The true path forward for human liberation and ecological survival does not lie in authoritarian state socialism, nor in an unchecked libertarian individualism. It lies in building deeply democratic, cooperative, ecological communities—a vision best embodied in communalism, as advanced by Murray Bookchin. This is the most radical and genuinely progressive form of leftism, because it centers people, community, and the environment together.
The failures of Marxist-Leninism, Stalinism, and Maoism are historical facts. These authoritarian models crushed individual freedom, elevated bureaucratic elites, and often devastated local communities. They treated people as instruments for a supposedly greater future, while building centralized power structures that betrayed the very idea of socialism. Their environmental record is equally damning—extractivist, productivist, and heedless of ecological limits.
Why they fail:
- Elevate state over community.
- Replace capitalism’s bosses with party bosses.
- Treat ecosystems as raw material for industrial might.
- Build hierarchy, not solidarity.
On the other hand, some anarchist currents reduce everything to individual autonomy, ignoring how deeply we rely on each other and the natural world. A vision that lets everyone do “whatever they want” can fracture solidarity, fail to coordinate defense against oppressive forces, and overlook the necessity of collective stewardship of resources and ecosystems.
Why they fail:
- Risk fragmenting into isolated collectives without broader coordination.
- Can ignore structural obligations to support the vulnerable.
- Sometimes dismiss the need for durable, accountable institutions that can safeguard the commons.

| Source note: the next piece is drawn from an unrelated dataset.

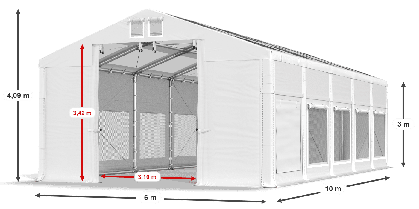 Wysokości w namiotach magazynowych oraz imprezowych mogą być szybko zmienione, a to dzięki modułowej konstrukcji, która pozwala na podniesienie namiotu o 0,5m lub o 1m. Najniższa możliwa wysokość ściany bocznej to 2m, a najwyższa to 4m.

Communalism—especially as articulated by Bookchin—seeks to transcend this false dichotomy. It champions direct democracy at the municipal level, where people govern themselves through popular assemblies, federated together to address wider needs. It is grounded in the love of people, community, and the living earth. It envisions a libertarian socialist society rooted not in isolated individual whims, nor in oppressive state planning, but in free and ecological cooperation.
People: Builds a society where everyone can flourish, participate directly, and shape the conditions of their lives.
Community: Ensures decisions are made collectively and transparently, fostering mutual care and shared responsibility.
Environment: Recognizes our inseparability from nature, embedding ecological principles into the heart of politics.
Communalism is the highest expression of leftism because it does not abandon structure—it rebuilds it on a foundation of popular self-management and ecological ethics. It does not abandon individual freedom—it secures it through communal institutions that guarantee participation, equality, and environmental sanity. This is not the “middle ground” of compromise, but the synthesis of our deepest needs: freedom, solidarity, and harmony with the earth.
We must reject both the cold authoritarianism of state socialists and the atomized individualism of ultra-libertarian anarchists. In their place, we should build loving, participatory, ecological communities that federate to shape a just world for all. This is the path of communalism—the most radical, humane, and necessary leftism of all.